Islam should have a ‘quintessentially British’ version with minoret-less mosques and no burqas, Warsi says

British mosques should be built without minarets, former Conservative party chairwoman Baroness Warsi said yesterday, in a speech outlining her vision for a “quintessentially British” form of Islam.

Speaking at St Mary’s University, Twickenham, where she was giving her inaugural lecture as a Visiting Professor, Baroness (Sayeeda) Warsi called on Muslims to develop “a very British Islam” in line with Islamic tradition.

The former Minister for Faiths, who resigned from the Government last year over its failure to condemn Israeli strikes on Gaza, said: “Islam is different whenever and wherever it is found. If Islam always takes its cultural references from where it finds itself, British Islam must take cultural reference points from where it grows.”

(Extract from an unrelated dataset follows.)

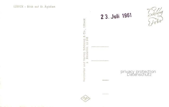 73762612 LueBECK CITY Blick auf St aegidien postalisch nicht gelaufen Erhaltung siehe scans [FriedD77] Frie Katcode 11110001003000
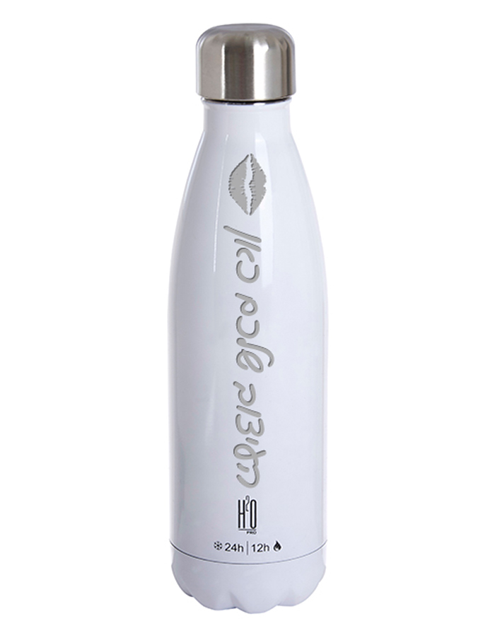 בקבוק תרמוס בטקסטורת עץ עם חריטה

Part of this, she said, meant building quintessentially British mosques. She argued that minarets, towers built alongside mosques from which the call to prayer is broadcast, were not culturally necessary in modern Britain.

“There is no need for a minaret. There is no need for a mosque to look like it doesn’t fit into its environment. It doesn’t need to be like that. I would love for there to be English-designed mosques.”

She also denied that Muslim women were obliged to wear full Islamic dress, such as the burqa, the full body covering, where it was not part of their social cultural tradition.

“I defend my right to dress modestly – but that doesn’t have to look like it would in Yemen. I cannot understand why you would want to look like someone who walked out of Yemen, unless your parents lived there,” she said. She called on the Government to reach out to Muslim groups from across the spectrum.